There's very little entertainment these days that really has something for everyone, but unless you're afraid of tutus, the Washington Ballet's "Nutcracker" is a holiday show to please all ages and most tastes. If you hate ballet dancing, the kids are adorable. If you hate children, there's enough good dancing to keep you interested.

The production, which has been a Washington Christmas tradition for eons, opened a two-week run at the Warner Theatre Friday night. The costumes and sets are pastel pretty; the story of a little girl's Christmas dream easy to follow; and the dancing, especially that of the company's women, clear and musical.

Half the fun of "Nutcracker" for ballet fans is the chance to see tomorrow's stars in their first solo parts. This year, 14-year-old Elizabeth Gahl, who danced the Christmas tree Star with amplitude and buoyancy, is definitely one to watch. Another teenager, Jonathan Jordan, danced quite impressively as the Nutcracker Prince. And, miracle of miracles, there were real little boys, instead of girls pretending to be boys, in the Mother Gigogne number.

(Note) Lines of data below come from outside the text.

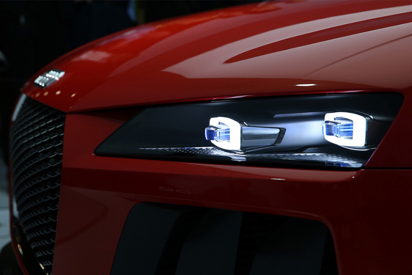 ولكن ما يحدث هو أنه مع كل كشاف إضاءة داخل المصابيح الأمامية، يوجد 3 أشعة ليزر زرقاء خلفية توجه أشعتها نحو مرايا قرب مقدمة المصابيح.
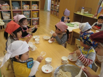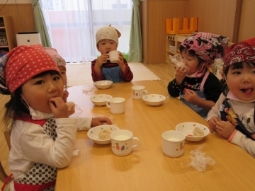 「ギュッ!」 「ギュッ!」といいながら作って、おいしそうに食べていました。
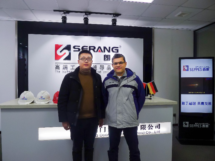 外资工厂客户首先参观了西朗门业展厅,接待人员重点介绍了快速卷帘门、冷库保温快速卷帘门、涡轮硬质快速卷帘门、防护型快速卷帘门、抗风快速堆积门、变频工业提升门、工业门封、装卸货平台等工业门及物流设备产品,并就产品的功能特点、实际使用、技术参数等一一进行交流。
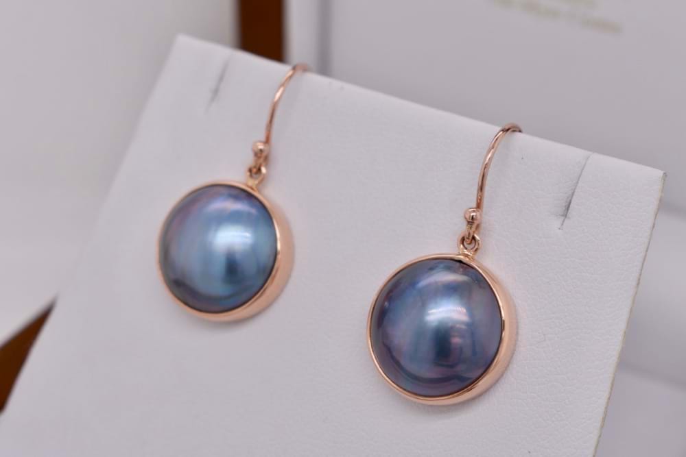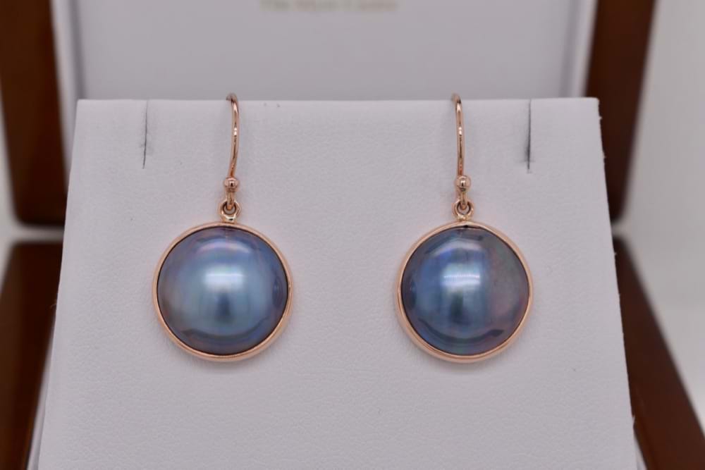 9ct rose gold handmade earrings featuring a pair of round black mabe pearls (dyed) in bezel settings suspended from shepherd hooks. Pearls measure 15mm
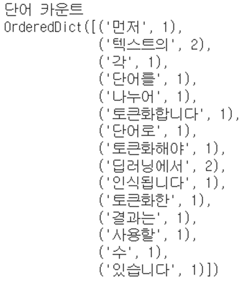 '토큰화한 결과는 딥러닝에서 사용할 수 있습니다.'
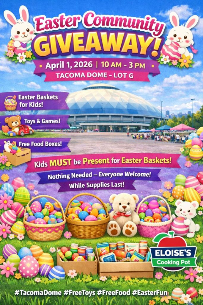 - On Easter, April 5, Shawn Tibbits will cook and host another Feed the Community drive. Volunteers and drivers are needed to help serve meals throughout Tacoma. This is the 10th annual Easter event and includes free meals available for pickup or delivery to single individuals, elders, and those experiencing homelessness. To volunteer or request a meal confidentially, email tibbittsfeast@gmail.com. Meals can be picked up from 10 a.m. to 12 p.m. at First United Methodist Church in downtown Tacoma.
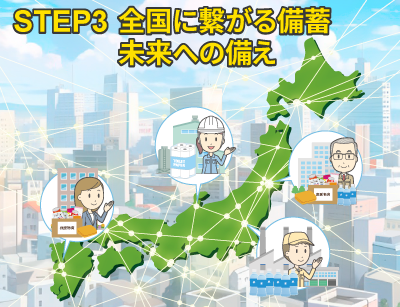 私たちは災害時に企業備蓄の不足リスクを回避する、企業間専用の調達ネットワーク【災害備蓄品シェア・ネットワーク】を構築しています。
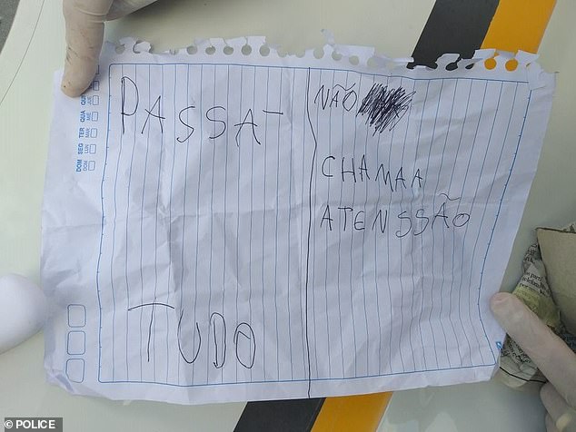 Ghi chú từ nghi phạm, người mà chính quyền cho biết bị bại não và không thể cử động tay, có viết: “Giao nộp tất cả ra đây. Đừng gây sự chú ý”.
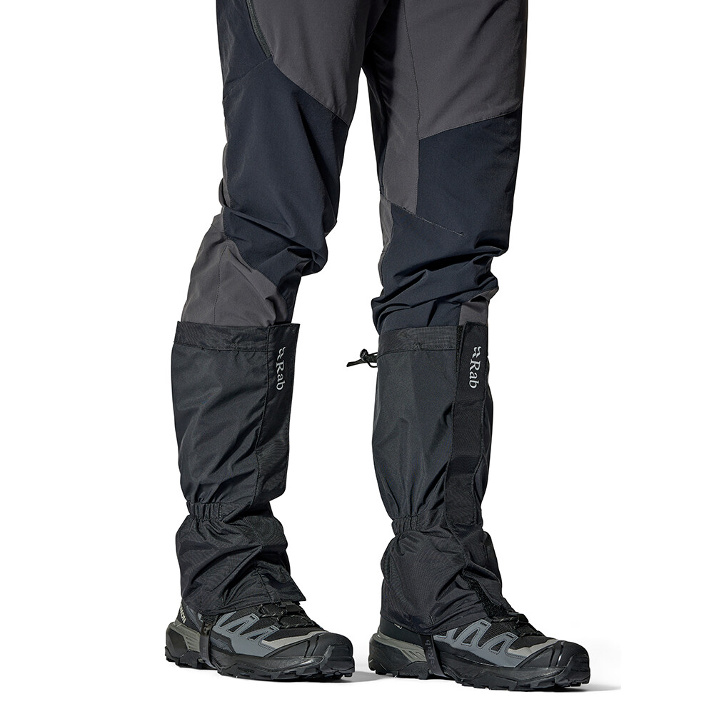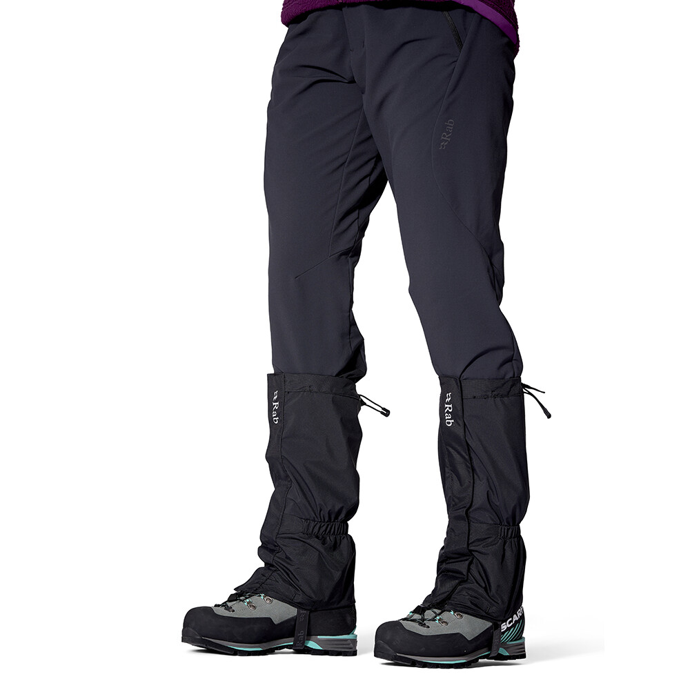 Husele Kangri GTX de la Rab vă vor proteja perfect pantalonii și cizmele de umezeală atunci când mergeți pe zăpadă adâncă sau de noroi și alte murdării. Acestea sunt full-zip cu închidere Velcro în față. Acest lucru le face ușor de pus chiar și cu mănuși groase de iarnă. Există un cordon în partea de sus, un cârlig în partea din față pentru a le atașa la șireturile cizmelor și o curea robustă care ține capacul sub talpă. Interiorul mănușilor este fabricat din material ranforsat pentru a preveni deteriorarea, de exemplu atunci când mergeți cu crampoane. Membrana Gore-Tex® le face impermeabile și respirabile.
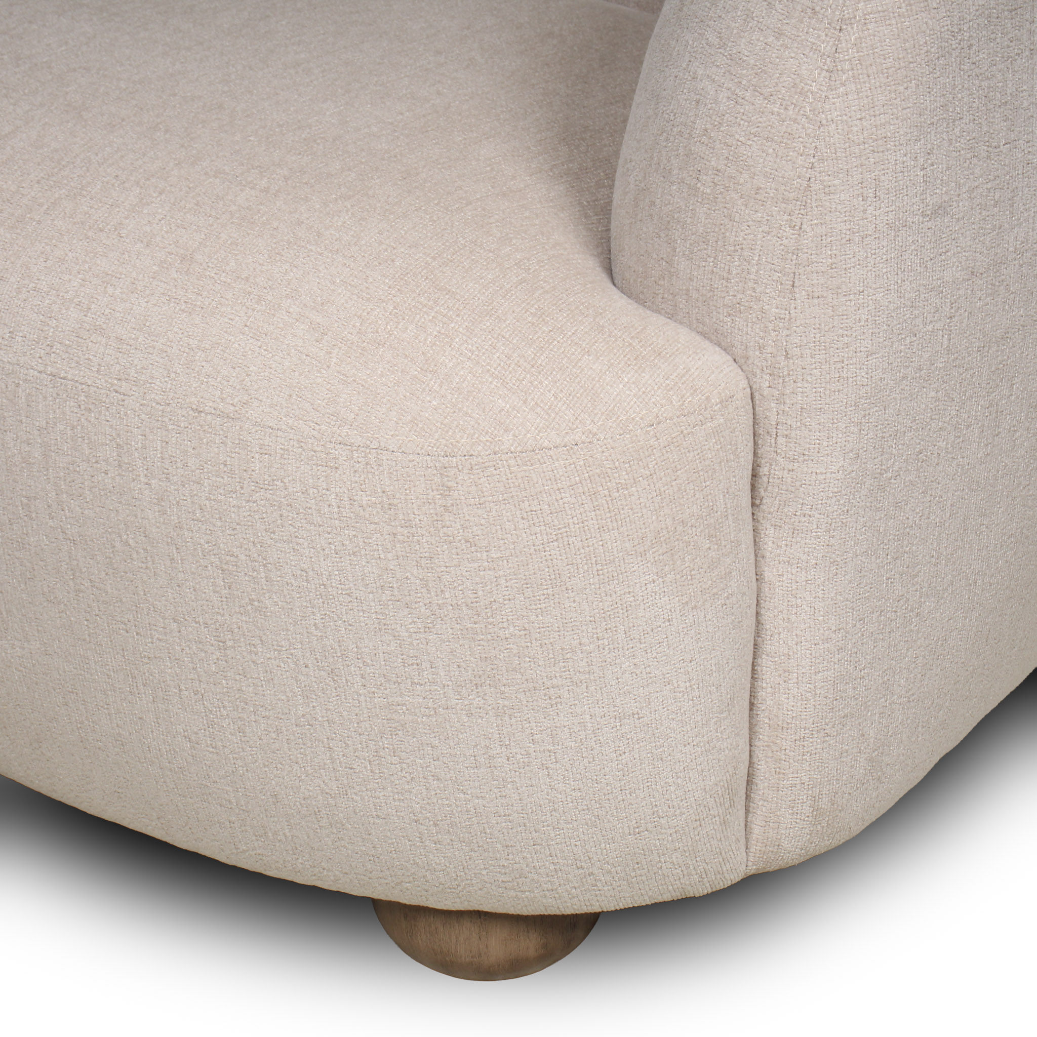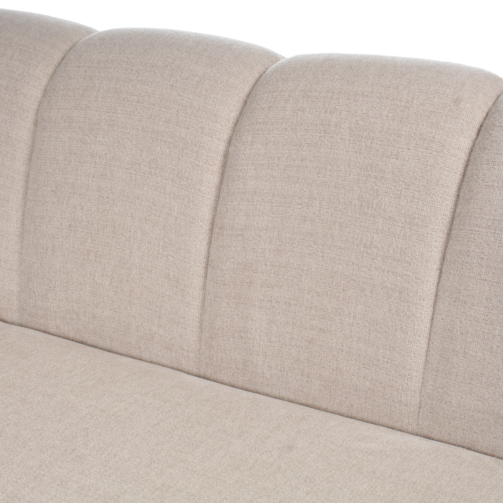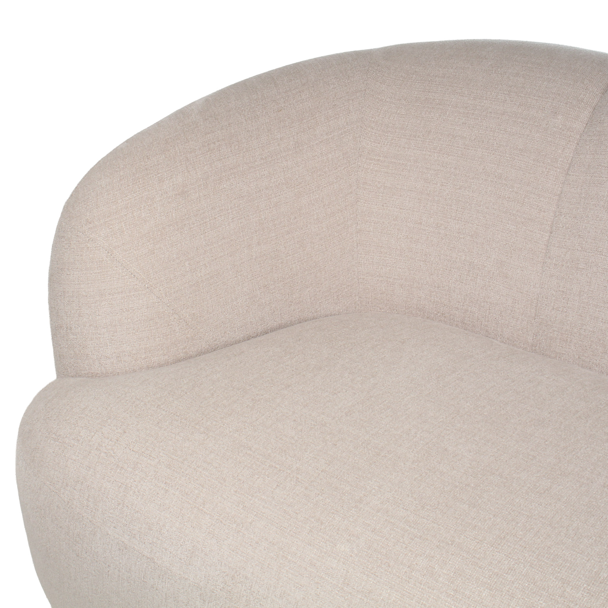 El sofá de cuatro puestos en tela crema destaca por su diseño curvo y elegante. Su tapizado suave aporta luminosidad y calidez, creando un ambiente acogedor y sofisticado. Una pieza versátil y contemporánea, ideal para realzar salas modernas con estilo.
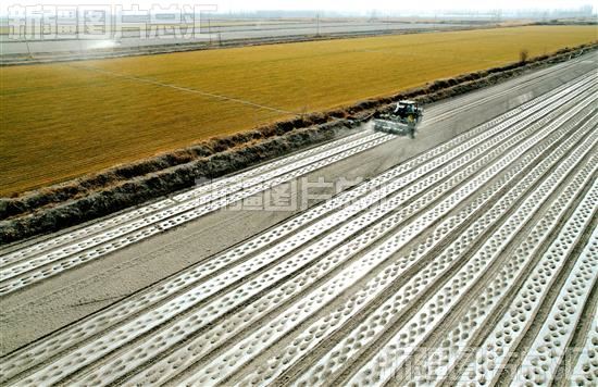 2023年3月14日,职工驾驶农机在新疆生产建设兵团第二师二十二团一处农田里进行铺膜作业。
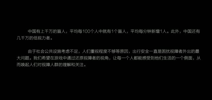 我国曾在上世纪80年代进行过视力残疾状况调查。结果显示,我国有视力残疾患者近1300万,其中盲人约550万,低视力约750万。14岁以下儿童盲及低视力的主要病因为先天性遗传性眼病,60岁以上老年人盲或低视力的主要病因为白内障。我国每年会出现新盲人大约45万,低视力135万,即约每分钟就会出现1个盲人,3个低视力患者。“见”这款游戏则就是讲述的一个盲人的爱情故事。玩家需要扮演一位视障的钢琴手,当
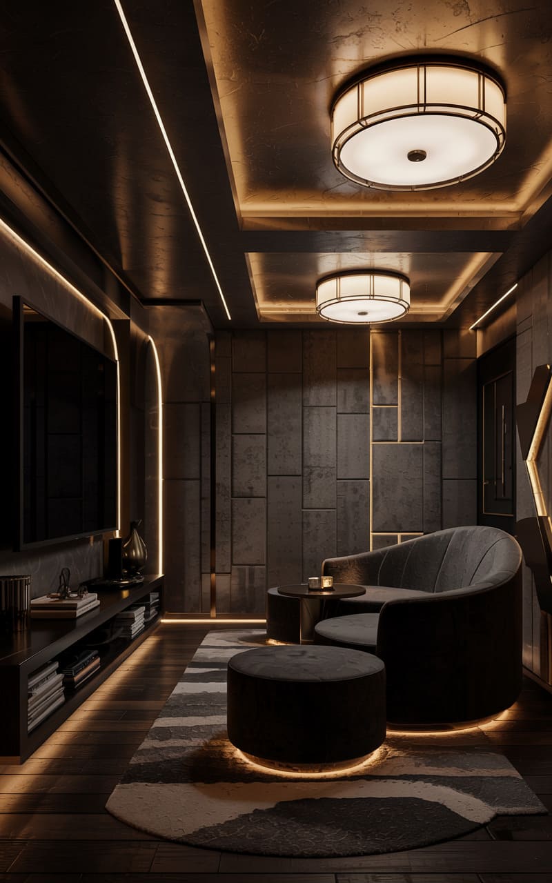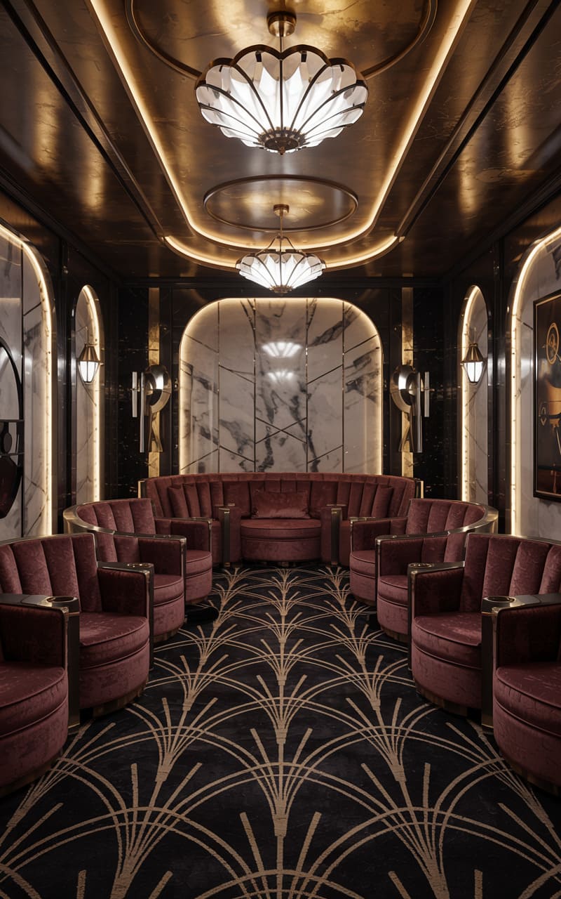 2. Noir-Inspired Art Deco Home Theater
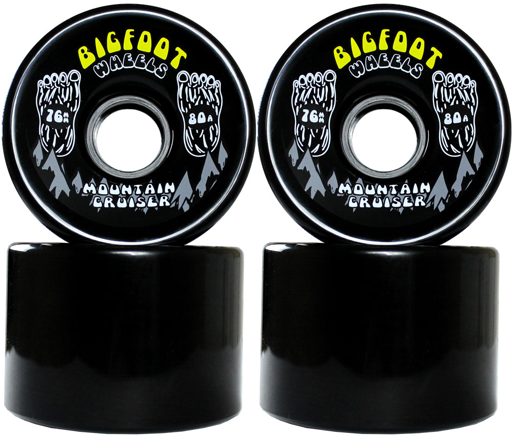 WHEELS: Bigfoot Mountain Cruisers offer a newly modified super high rebound formula. The latest innovations offer a super high rebound 80a durometer urethane and a slightly offset hub. Coming in at 76mm in diameter, 80a in hardness, and 53mm in width. Slightly offset hub with a 47.5mm contact patch, rounded slightly inner edge. All of these details put together equal a wheel with quick acceleration, smooth ride, good grip, with good slide characteristics (after the break-in period).

The dancing of the grown-ups was a bit uneven. The corps was fine, in both the Snowflake Waltz and the Waltz of the Flowers, and Rosa Maria Barua--leggy and gracious--was a stunning Snow Queen. But with her steely technique and fixed grin, Ju Hyun Jo was not an ideal Sugar Plum Fairy. Among the men, the company's senior members weren't quite up to their assignments and some of the newer recruits have physiques more suited to modern dance than to classical ballet.

The Washington Ballet's "Nutcracker" has been content to be charming during a time in which charm is not a meal ticket. It was a bit disheartening, therefore, to see that some coarseness has crept into the production, in both the dramatic scenes and the overtly presentational style of some of the dancers.

In the first-act party scene, while the children were as fresh and natural as ever, many of the grown-ups dished up too much ham. Both the Grandmother and Herr Drosselmeyer were so doddering and tremulous as to be offensive, and the Nurse was so dominant that the parents seemed like guests in their own home.

This whole scene could use some freshening. It looked as though the producers have been putting on "Nutcracker" for so long that they forgot they're telling a story, not just moving people about the stage.

Despite such quibbles, this "Nutcracker" is still a sure-fire first night at the theater for children. The production, with several changes of cast, runs through Dec. 26.

CAPTION: Earning their stripes: Each year "Nutcracker" provides a chance to see the troupe's future stars.